For make no mistake, few writers in the 20th century have had such a shabby treatment at the hands of posterity, or such a strange trajectory while alive. ALG took a creative turn, after being married to an orphaned sweetheart, after a jolting auto accident, that sent him spiraling into the orbit of James Joyce, Gertrude Stein and Ezra Pound in the cafes of Paris.

Claiming himself to be the world's greatest writer, disfigured after the crash, and semi-destitute, he implausibly forged an entirely unique way of speaking and writing that actually pushes the modernist innovations of his far more respected peers way past limits most care to want to think about. Though perhaps not as theoretically, or emotionally, estranged as Khlebnikov, ALG was similarly constructing a new way for typography and language to appear on the page, and challenging, in the process, the relationship between word and world.

What is very sad is that, after moving in the highest literary and artistic circles possible, ALG moved back to the run-down and desultory cafes of Philadelphia of the Great Depression, where his visionary practices were barely tolerated, and he became, more or less, a mascot for second-rate Bohemians (and curiously, some famous Hollywood screenwriters) who encouraged this diabetic alcoholic with the bum leg to hang around their gin-soaked apartment parties and tell stories of his time at the apex (albeit marginally) of 20th century Kulchur. At his funeral, no one in his family knew he was a writer of genius; and his occupation on his death certificate was marked as None. Fitting epitaph, perhaps, for the saddest, weirdest, lost man of language.

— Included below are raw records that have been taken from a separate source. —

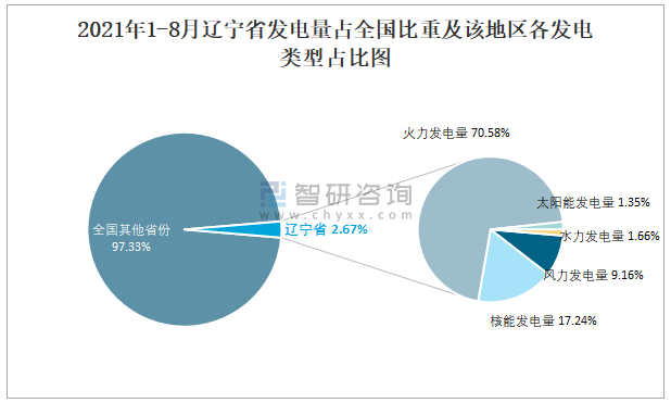 2021年1-8月遼寧省發電量占全國比重及該地區各發電類型占比圖
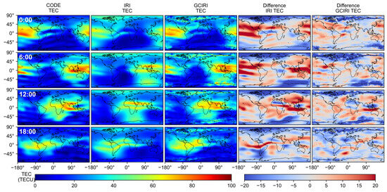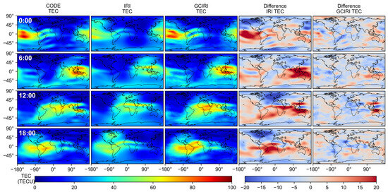 Figure 10 illustrates the TEC distribution maps for the CODE TEC, IRI TEC, and GCIRI TEC over six-hour intervals on 5 January 2024, during the geomagnetic quiet period, along with the error distribution maps for IRI TEC and GCIRI TEC. From the global TEC distribution, the GCIRI TEC is closer to the CODE TEC than the IRI TEC, both in terms of overall distribution and local details. This is particularly evident in regions of stronger ionospheric activity (higher TEC values), where the GCIRI TEC more accurately reflects the true TEC values. Further analysis of the TEC error distribution shows that the corrected IRI TEC model significantly reduces estimation errors worldwide, with notable improvements in both underestimated and overestimated areas.
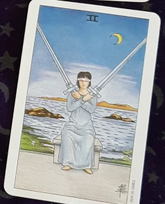 타로 : 그녀는 '나'님의 마음이 오락가락하고 있다고 생각한다고 나오네요. 이 카드 (2번 검 카드)를 보세요. 그녀가 생각하는 '나'님은 어느 날은 믿음이 가고, 어떤 날은 짜능 내는 사람일 수 있어요.
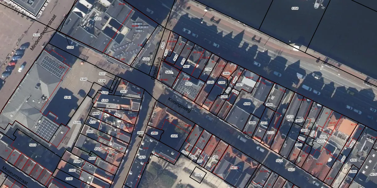 Het perceel waarop Koningsweg 90 staat heeft een oppervlakte van 163 m². Dit is een middelgroot perceel. De perceeloppervlakte wordt geregistreerd door het Kadaster. Gedetailleerde informatie over de maten van dit perceel kunt u vinden in het rapport Kadastrale kaart met maatvoering van Koningsweg 90.
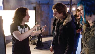 writer-director Edgar Wright, Michael Cera & Mary Elizabeth Winstead on set
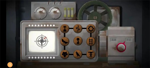 22、第三章时间来到1937年,第一个场景变了,所以我们不需要去看时间,注意:不要随意点击灯泡!!!来到钟表店,虽然是关灯状态,但是我们在第二章有了钥匙,可以随意进出。这次玩家一和玩家二的场景一致,进入钟表店后向下滑动,看到一台发电机,左侧的显示屏旁边有九个按键,游戏将它们从1~9依次编号,无论如何变换位置,1~9的位置是不变的,所以当它每次转动后,每次的1都不是一个按键。右侧开始后,玩家一率先有提示,之后便是玩家二有提示,一共18次,每人9次。
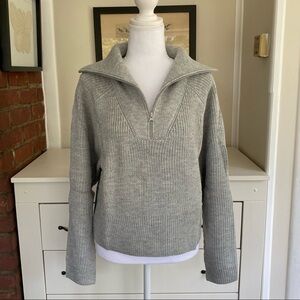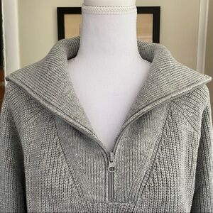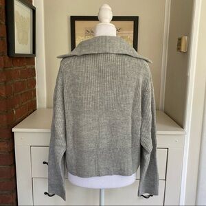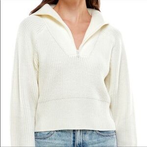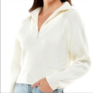 A classic rib stitch keeps your look cozy in a casual-cool sweater with a half-zip placket and an oversized collar.
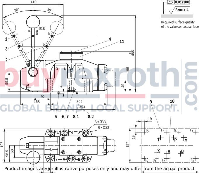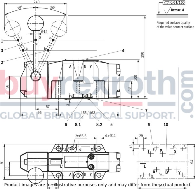 Porting pattern according to DIN 24340 form A32 and ISO 4401-10-09-0-05 |
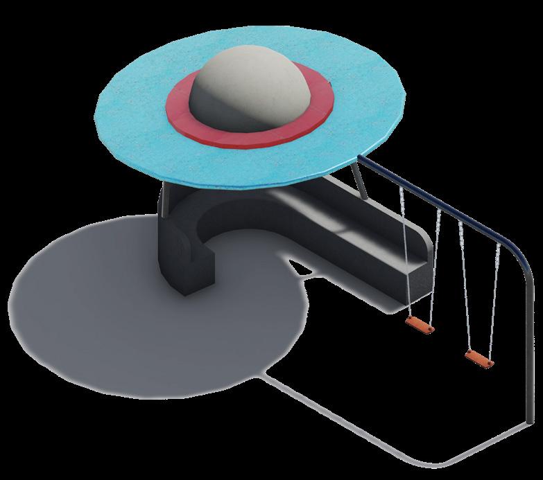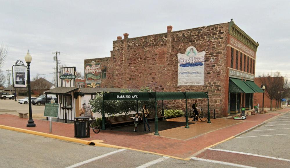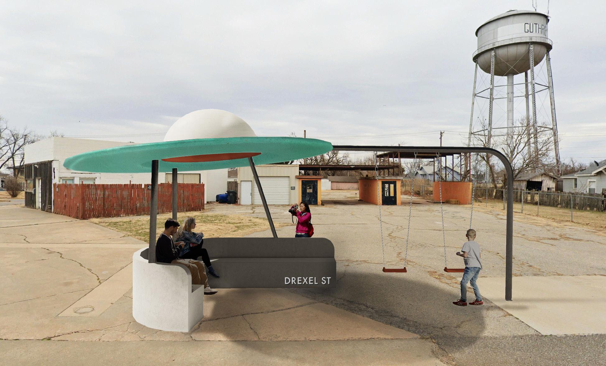 These trolley stops can also be a way to attract a different type of tourist - those interested in oddities & roadside attractions. These are a big draw for many people. For example, there are clearly some well known locations through Oklahoma such as Pops and the Blue Whale of Catoosa. This idea can create another iconic landmark for Guthrie & draw people in that may not stop just for historic architecture. The Drexel St. stop is just beyond the Scottish Rite Temple on the east side of town. This is a prime location to bring people into Guthrie off of the highway. The stop is also supposed to be playful with a whimsical structure and swings. The metal ufo sculpture framing the water tower in the background could act as a photo opportunity and nods to iconic roadside attractions popular across the United states. The stop is designed to be, all at once, a bus shelter, roadside attraction, playground and sculpture.

He deserves better now, though.


I've gleaned most of this from the interesting, if sparse, material gathered at the site above.

I also asked the intrepid younger poet, Adam Fieled (see his P.F.S Post in the Links), who lives in the Philadelphia of today, to write a literary postcard that might locate the man in the place. Here is what he sent me:

In the Great Depression-era 30s, a cup of coffee in funky, ethnic South Philly would’ve cost Abraham Lincoln Gillespie five cents. In near-Depression era 2006, a good cup of South Philly coffee runs at $1.35. Still, the spirit of the place seems remarkably unchanged. The heart of South Philly still remains the Italian Market on 9th Street, where (one imagines) Gillespie would’ve picked up whatever victuals he could afford. Gillespie’s personality, as it has been handed down to us by anecdote, fits the South Philly vibe to a tee: bombastic, ornery, volatile, ready to take on all comers.

Gillespie’s stubborn literary individualism earned him a life of abject obscurity (though his reputation is gradually widening, & he is taught at Penn & elsewhere). Likewise, Philadelphia has devolved from the nation’s first capital & an industry leader into a second-tier city in the US hierarchy. Tell that to a South Philadelphian, however, and you’re likely to get punched. Philly is a proud city, the Dublin of the East Coast (& in fact “Bloomsday” is widely celebrated here); South Philly is its proudest neighborhood.

The very spirit of South Philly is embodied in the huge mural of former Philadelphia mayor Frank Rizzo that broods over the Italian Market from 9th & Salter. Rizzo was Philly’s first “Goomba” mayor, the first in the country, in fact. He was an incredible tough-guy & the ultimate South Philly boy made good. You can feel his presence in the hard-case vendors & shop-keepers, in the smell of onions & frying meat, in an atmosphere of barely suppressed rage & exultant joy. It’s a vibe we can also sense in Abraham Lincoln Gillespie’s mad, hectic word-frenzies. Joyce’s Dublin & Abraham Lincoln Gillespie’s Philly are close to being the same place: redolent & reeking, furious & placid, sensuous & austere.